Diejenigen, die der liebe Gott für die Führung der Mädchen bestimmt, brauchen eine Gnade wie die des Priestertums. Der Priester braucht den Altar, den Leib und das Blut unseres Herrn. Daher nimmt er seine Kraft. Ihr, meine Kinder, findet sie in der Heiligen Kommunion, in der Einheit mit dem Willen Gottes. Wollt ihr hundert Mal am Tag kommunizieren? Erfüllt hundert Mal euer Direktorium und hundert Mal werdet ihr euch mit dem göttlichen Willen, dem Wort verbinden, mit dem Wort, das die Befehle Gottes ausdrückt.

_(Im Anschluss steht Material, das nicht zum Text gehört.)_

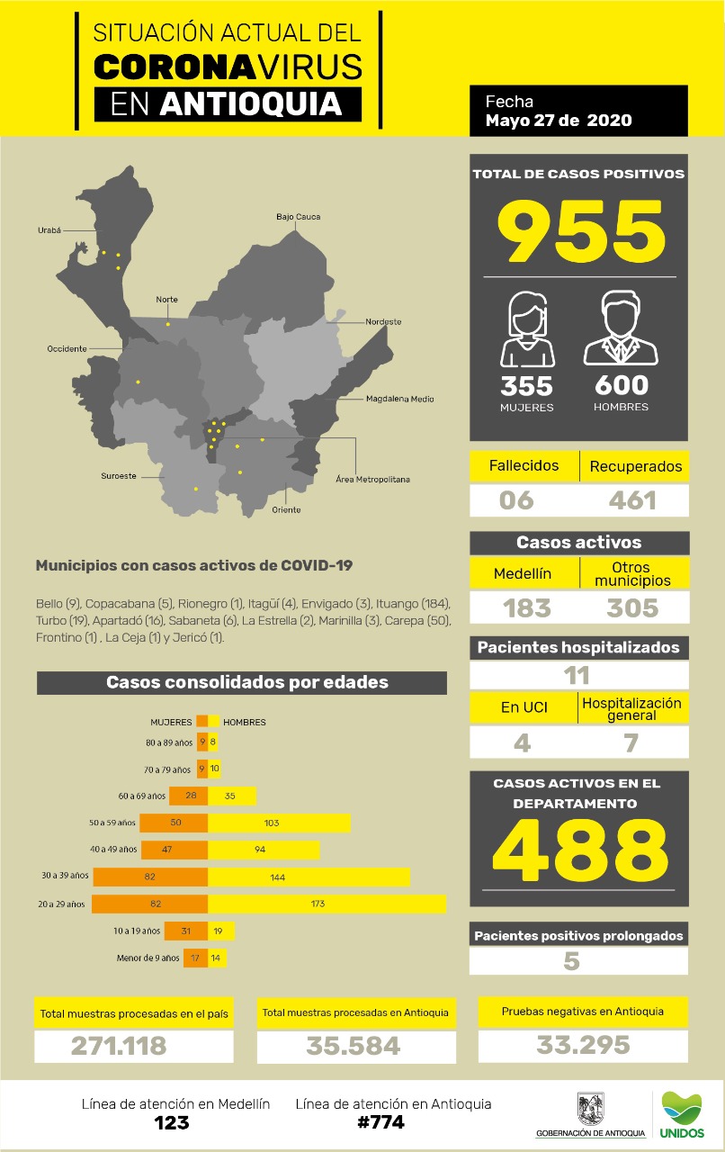 Todos fueron previamente identificados, puestos en aislamiento y bajo la vigilancia epidemiológica correspondiente. Con estos nuevos casos, la cifra de personas contagiadas en Antioquia se eleva a 955. De ellos 355 son mujeres y 600 son hombres.
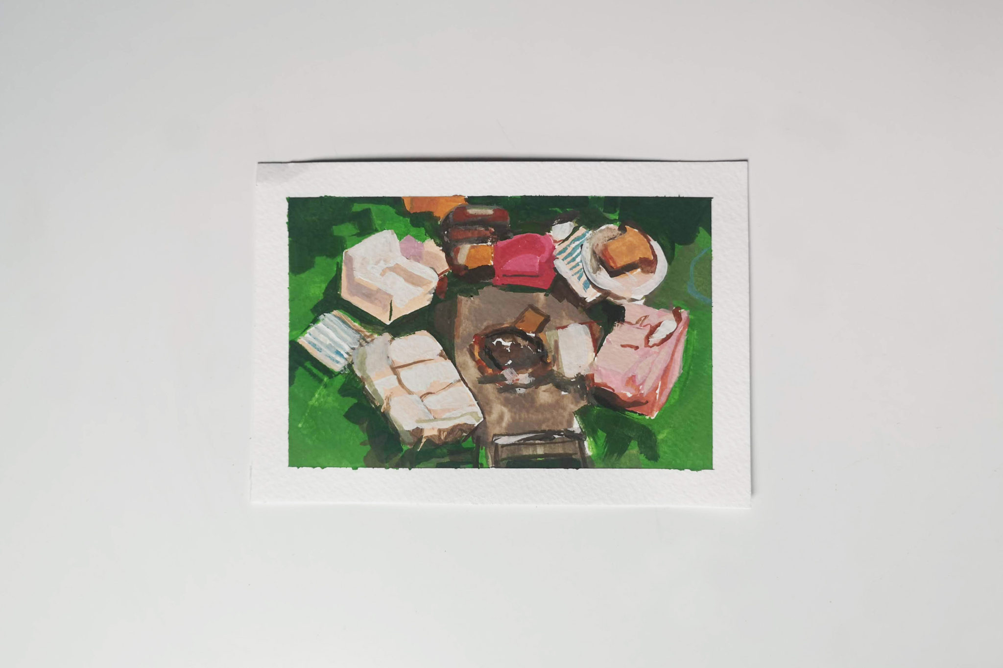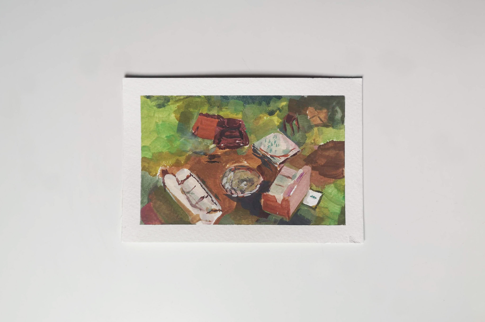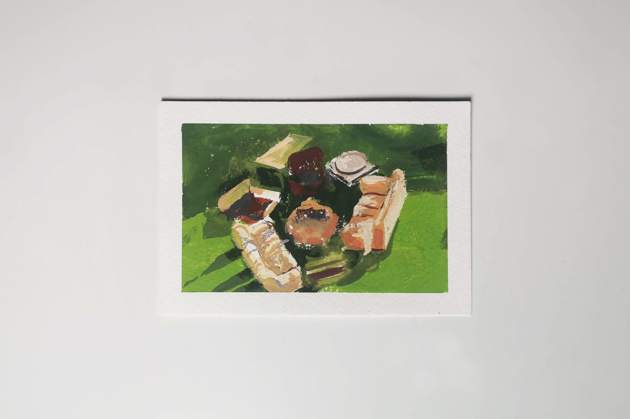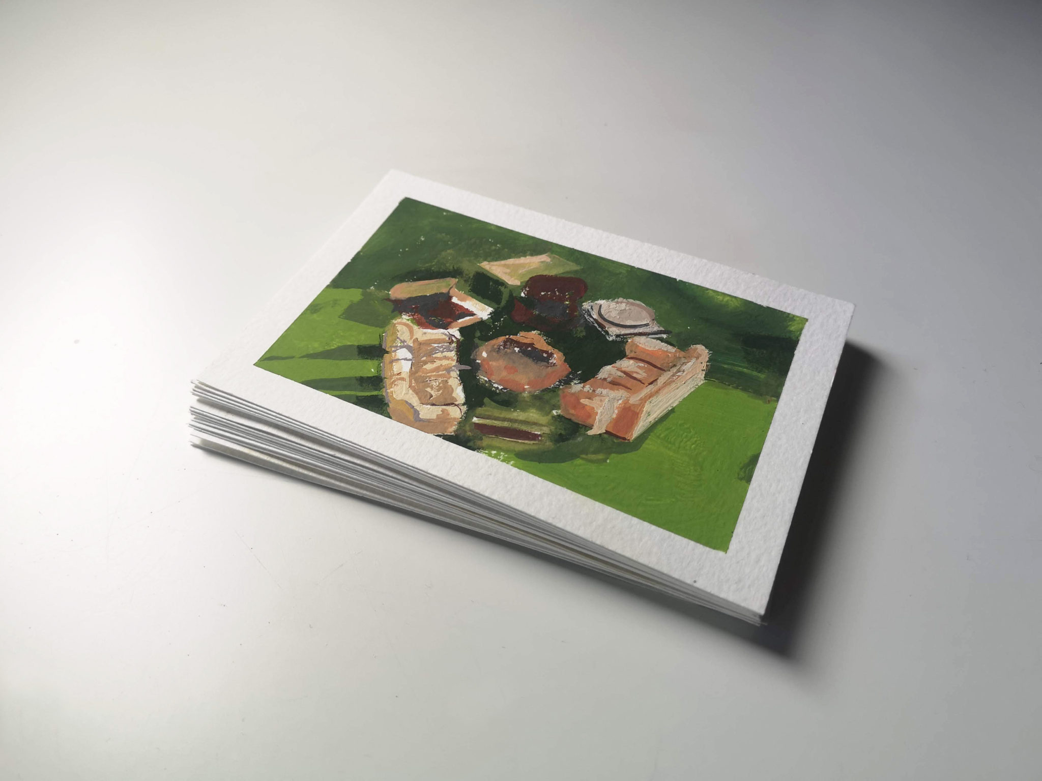 I created 14 postcards in this series created during lockdown. Painted with the intention of posting out to my friends and family, providing them with a single fragment of my every day.
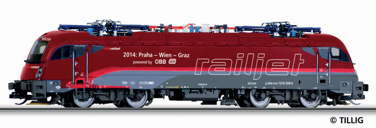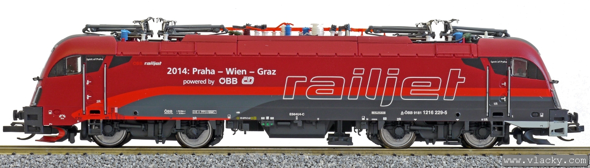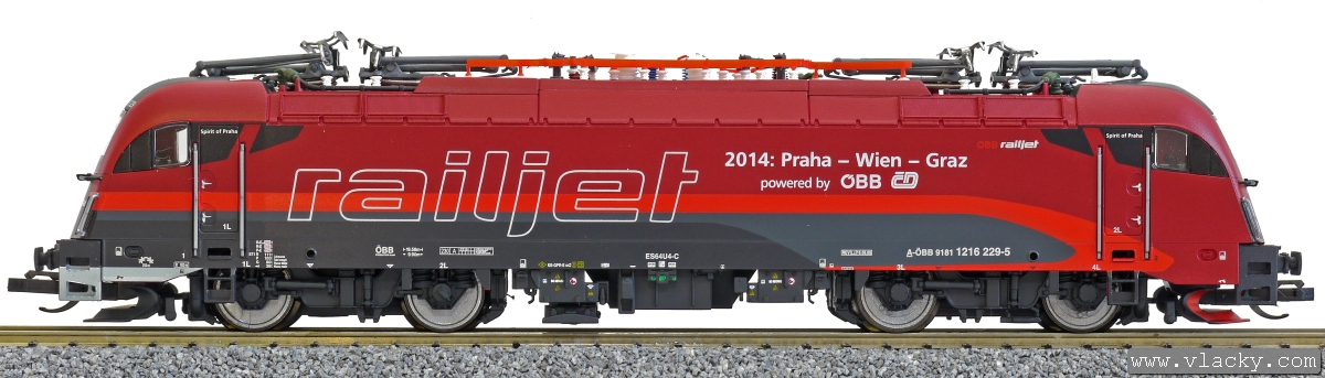 Popis   elektrická lokomotiva Railjet v barevném schematu „Spirit of Praha“
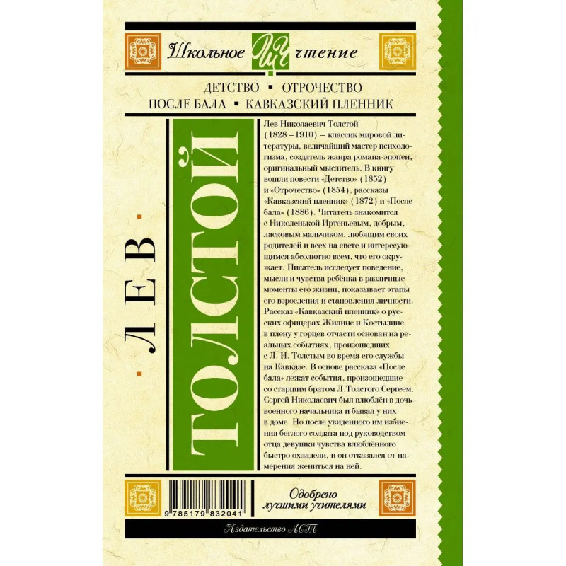Лев Николаевич Толстой (1828 - 191) - классик мировой литературы, величайший мастер психологизма, создатель жанра романа-эпопеи, оригинальный мыслитель. В книгу вошли повести Детство (1852) и Отрочество (1854), рассказы Кавказский пленник (1872) и После бала (1886). Читатель знакомится с Николенькой Иртеньевым, добрым, ласковым мальчиком, любящим своих родителей и всех на свете и интересующимся абсолютно всем, что его окружает. Писатель исследует поведение, мысли и чувства ребёнка в различные моменты его жизни, показывает этапы его взросления и становления личности. Рассказ Кавказский пленник о русских офицерах Жилине и Костылине в плену у горцев отчасти основан на реальных событиях, произошедших с Л. Н. Толстым во время его службы на Кавказе. В основе рассказа После бала лежат события, произошедшие со старшим братом Л. Толстого Сергеем. Сергей Николаевич был влюблён в дочь военного начальника и бывал у них в доме. Но после увиденного им избиения беглого солдата под руководством отца девушки, чув

Das Wort ist Fleisch geworden, um sich mit den Seelen zu vereinen, und was ihr durch euer Direktorium empfangen werdet, ist das Wort Gottes, der Ausdruck des Willens Gottes.
Als ich in die Heimsuchung ging, fand ich die Gute Mutter Marie de Sales Chappuis wie gebadet, überflutet von Gott. Was gab ihr die so enge Verbindung mit dem Heiland? Ihre Treue, sich mit Gott zu vereinen, im gegenwärtigen Augenblick das Direktorium auszuführen. Sie schien den lieben Gott zu tragen, ihr Äußeres spiegelte die Heiligkeit, die Vollkommenheit, die göttliche Salbung wieder. Es schien, dass das in ihr war, durch sie hindurch ging, sie war davon durchdrungen. In diesem Augenblick hatte sie nicht die Heilige Kommunion empfangen, aber sie hatte sich mit dem göttlichen Wort, dem Direktorium verbunden.
Das ist eure Kommunion, meine Kinder, das ist eure besondere Gnade. Was ihr macht, ist von der Kirche genehmigt. Das will Gott von euch, das ist sein ganzer Wille. So teilt sich das Wort euch direkt mit. In der Apokalypse wird euch gesagt: „Der Himmel öffnete sich und ich sah nun das Wort Gottes; seine Kleider strahlten wie die Sonne“ (vgl. Offb 19,11-13). Unser Herr teilt sich euch nicht in dieser Erscheinung mit, es ist dennoch er wie in der Apokalypse des heiligen Johannes. Selbst wenn er persönlich käme, würde er nichts anderes von euch verlangen als das Direktorium von euch verlangt.
Meine Kinder, ich drücke da nicht nur einen frommen Gedanken aus. Die Grundlage eures Lebens, eures Seins muss die ständige Verbindung mit dem Wort Gottes sein. Die heiligen Kirchenväter sagten früher, dass man beim Lesen des heiligen Evangeliums nicht das kleinste Wort auslassen darf, denn man würde sich schuldig machen, wie es der Priester wäre, wenn er ein Teilchen der Hostie fallen ließe. Ebenso dürft ihr von eurem Direktorium nichts vernachlässigen, denn es ist auch für euch das Wort Gottes.
Das ist euer Geist, meine Kinder. Ihr seid in diesen letzten Zeiten geschaffen, um das Priestertum in dem zu ersetzen, was es nicht machen kann. Ihr habt ähnliche Arbeiten, ihr predigt auf eure Art, euer Amt nähert sich dem des Priesters. Ihr kommuniziert nicht so oft, so unmittelbar, denn beim Heiligen Opfer sind der Priester und unser Herr derselbe, aber ihr habt eine Ähnlichkeit, da ihr ständig mit dem Wort, mit dem Willen Gottes in Verbindung tretet.
Merkt euch das gut, meine Kinder, es ist euer Los, das werdet ihr bekommen, wenn ihr euere Exerzitien gut macht. Es ist der Gedanke von Monsignore Mermillod, dass ihr die Hilfskräfte des Klerus seid, und dass ihr dieselbe Stütze habt wie er. Was unterstützt den Priester? Der Altar, die Eucharistie. Euch, meine Kinder, schenkt sich der Heiland, er bietet sich euch nicht nur in der Gestalt von Brot und Wein an, sondern in der Form des Direktoriums.
Und nachdem ihr in diesem Leben so kommuniziert habt, werdet ihr an der kommunion der unauslöschlichen Wonnen teilhaben, an der Kommunion des großen Tages der Ewigkeit, der in alle Ewigkeit dauern wird. Amen.